We know that breastfeeding for the first six months of a child’s life has health benefits that extend into adulthood. However, if a mother is too malnourished to breastfeed, these health benefits may not be passed on and a child can be at risk for malnutrition. This is especially true in developing countries.
Mothers like Memory* who live in developing countries can be unaware of the nutritional benefits of breastfeeding. Memory’s son was born underweight and kept falling sick, which caused her an enormous amount of worry and heartache. With the help of Save the Children, through lessons and hands-on activities, Memory learned about the importance of nutrition – particularly the critical role of diet during pregnancy – breastfeeding and age-appropriate diets for babies.

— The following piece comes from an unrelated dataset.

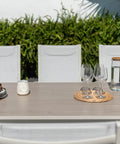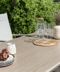 Hình dạng và hình thức gọn gàng của chiếc bàn được bổ sung bởi các chân bàn cách điệu, góp phần tôn lên thiết kế hiện đại của nó. Hình thức chắc chắn và chân đế chắc chắn của bàn đảm bảo rằng nó có thể chịu được các yếu tố thời tiết và tồn tại trong nhiều năm tới. Bàn ăn hình chữ nhật Urbanite có thể kết hợp với tối đa sáu ghế để có thời gian ăn uống thoải mái cho gia đình.

Save the Children’s global health programs work to help maternal, newborn, and child health, which ultimately helps end child malnutrition. We work in many of the poorest places, in the United States and abroad, to alleviate child hunger worldwide and prevent malnutrition. However, children living in developed countries are still at risk for malnutrition if they are born into poverty.
Poverty is the number one cause of malnutrition in developing countries. Often times, families living in poverty lack access to fresh fruits and vegetables. Many communities do not have full-service grocery stores that regularly stock fresh produce.
Even if they do, fresh fruits and vegetables can be expensive. When fresh fruits and vegetables are out of reach for children, they can fill up on less expensive, less healthy foods.
Chronic malnutrition is becoming concentrated in countries with the fewest resources, where 1 in 3 children have stunted growth. Today, 9 in 10 stunted children, roughly 139 million children, live in low- and lower-middle-income countries.
Chronic malnutrition has also become increasingly concentrated in conflict-affected countries.
Rebecca holds her daughter Rachael* while she eats high nutrient peanut paste after being treated for severe acute malnutrition at a Save the Children stabilization center in South Sudan.
At least 240 million children live in countries affected by conflict and fragility.[iii] These children are at heightened risk of death before age 5, stunted growth due to malnutrition and so much more.
In South Sudan, for example, conflict and drought have led to devastating conditions for children. Nearly seven million people, or 61% of the population, face acute food insecurity. Unlike its regional counterparts Ethiopia, Kenya and Somalia, which are facing severe food insecurity due to worsening drought, South Sudan’s food crisis is directly linked to the ongoing conflict.[iv]
Save the Children in South Sudan is the lead health and nutrition provider in much of the region. We run 58 feeding program sites for infants and young children, all powered by the support of our donors.
The crisis in Syria has also shed light on the number of refugee children who are at risk of malnutrition. Children, who make up more than half of the world’s 22.5 million refugees[v], often go without healthy food, health care and an education.
Access to food and water has become a heartbreaking challenge— leaving thousands of Syrian children at risk for malnutrition. There are many ways to help Syrian refugee children. Your knowledge and support can make a world of difference for children around the world.
In Yemen, where children are growing up in the worst humanitarian crisis in the world, the indirect effects of the five-year conflict there are putting huge numbers of children at risk of death due to malnutrition.
Breaking the Cycle of Malnutrition in Children
With our programs and your support, mothers are having healthy babies, children are growing up healthy and once they become adults, are contributing to their community and their society, passing on their gains to the next generation.